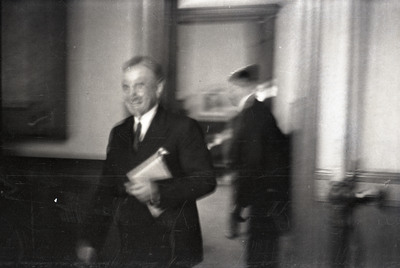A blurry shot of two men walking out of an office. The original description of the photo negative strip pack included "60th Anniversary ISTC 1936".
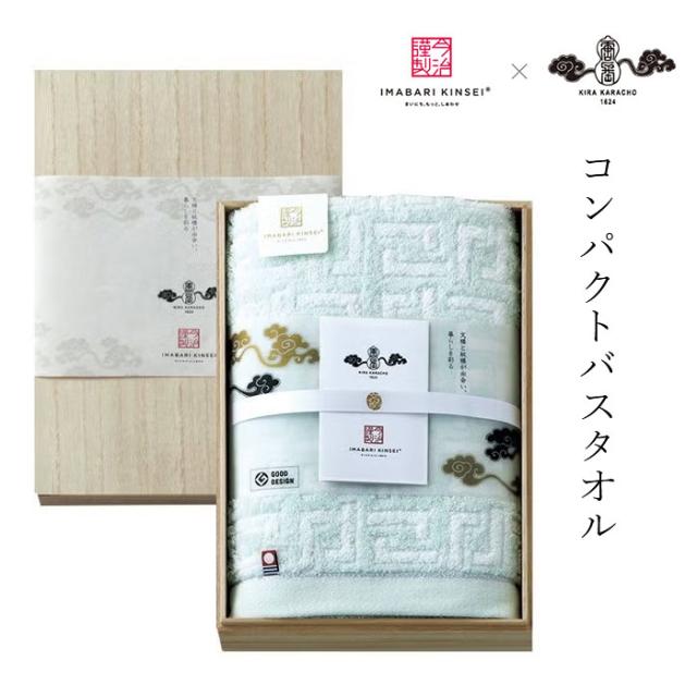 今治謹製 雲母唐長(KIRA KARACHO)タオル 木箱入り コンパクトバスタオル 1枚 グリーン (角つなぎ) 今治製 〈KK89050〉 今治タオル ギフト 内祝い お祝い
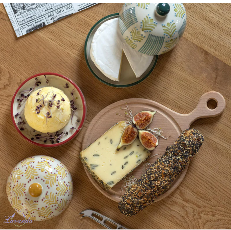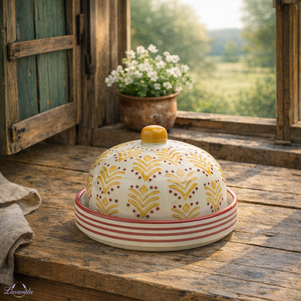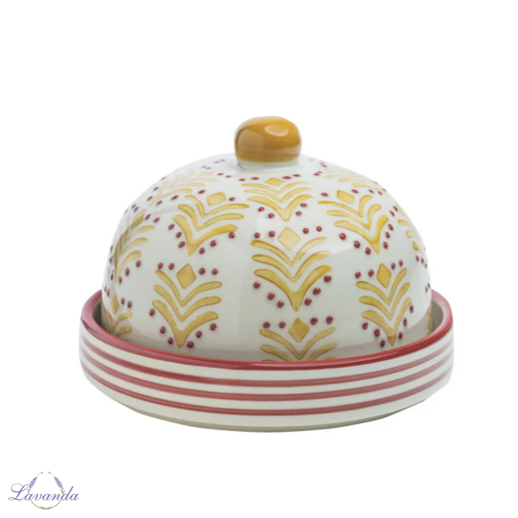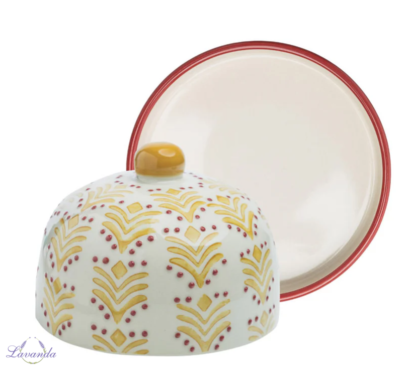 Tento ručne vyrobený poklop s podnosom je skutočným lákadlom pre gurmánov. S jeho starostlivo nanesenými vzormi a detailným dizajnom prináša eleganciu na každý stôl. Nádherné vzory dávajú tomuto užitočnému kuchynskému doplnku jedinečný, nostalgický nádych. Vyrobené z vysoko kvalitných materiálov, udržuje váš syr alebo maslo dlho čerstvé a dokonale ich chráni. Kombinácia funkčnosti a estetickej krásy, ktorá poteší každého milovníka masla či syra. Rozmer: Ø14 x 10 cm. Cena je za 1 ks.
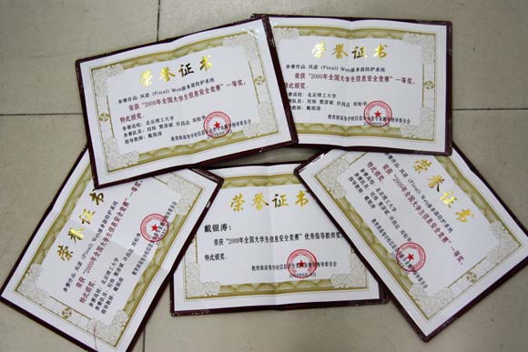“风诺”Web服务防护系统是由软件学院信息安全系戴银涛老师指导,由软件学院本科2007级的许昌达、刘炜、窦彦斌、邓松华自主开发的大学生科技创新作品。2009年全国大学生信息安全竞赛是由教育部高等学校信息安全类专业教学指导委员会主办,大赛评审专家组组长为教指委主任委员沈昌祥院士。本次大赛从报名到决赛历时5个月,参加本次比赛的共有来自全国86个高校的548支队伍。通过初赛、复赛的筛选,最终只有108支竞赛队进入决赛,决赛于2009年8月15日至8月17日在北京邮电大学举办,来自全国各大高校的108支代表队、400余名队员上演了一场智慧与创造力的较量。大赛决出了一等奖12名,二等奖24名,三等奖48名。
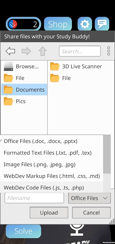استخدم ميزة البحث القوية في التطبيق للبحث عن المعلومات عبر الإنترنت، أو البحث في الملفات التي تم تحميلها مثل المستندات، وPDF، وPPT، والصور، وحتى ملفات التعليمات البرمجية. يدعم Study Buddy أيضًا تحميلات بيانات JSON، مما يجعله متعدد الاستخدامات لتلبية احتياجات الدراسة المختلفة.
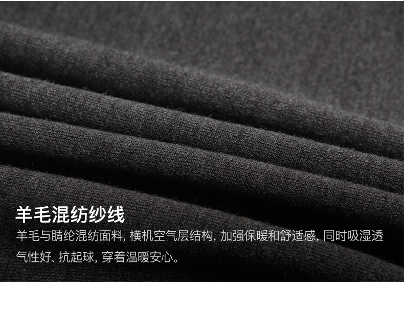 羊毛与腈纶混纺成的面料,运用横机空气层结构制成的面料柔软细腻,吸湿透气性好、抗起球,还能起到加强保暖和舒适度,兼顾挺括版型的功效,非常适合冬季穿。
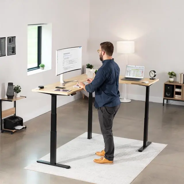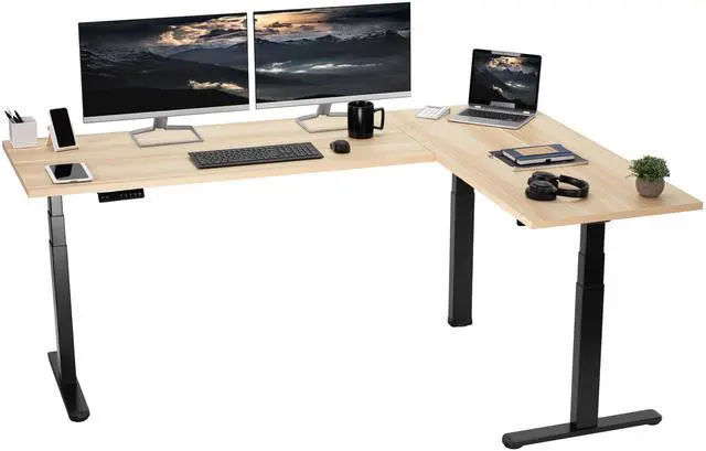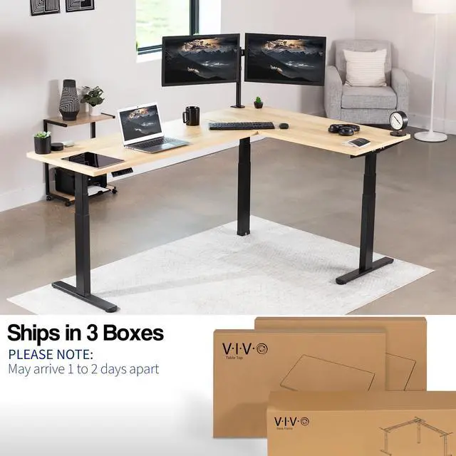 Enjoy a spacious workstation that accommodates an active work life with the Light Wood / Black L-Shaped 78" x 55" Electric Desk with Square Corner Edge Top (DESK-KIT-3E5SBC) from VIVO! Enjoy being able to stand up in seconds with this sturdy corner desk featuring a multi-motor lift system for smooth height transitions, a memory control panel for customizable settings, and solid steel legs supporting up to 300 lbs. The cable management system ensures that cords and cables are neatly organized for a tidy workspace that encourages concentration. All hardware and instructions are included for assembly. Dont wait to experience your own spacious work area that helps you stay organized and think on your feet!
--*--
_What this task involves_: Although the records above contain pictures, the copy should hold only the lines from their start through the line containing "今治謹製 雲母唐長(KIRA KARACHO)タオル", each exactly as written, and none of the pictures.

_Answer area_:
A blurry shot of two men walking out of an office. The original description of the photo negative strip pack included "60th Anniversary ISTC 1936".
 今治謹製 雲母唐長(KIRA KARACHO)タオル 木箱入り コンパクトバスタオル 1枚 グリーン (角つなぎ) 今治製 〈KK89050〉 今治タオル ギフト 内祝い お祝い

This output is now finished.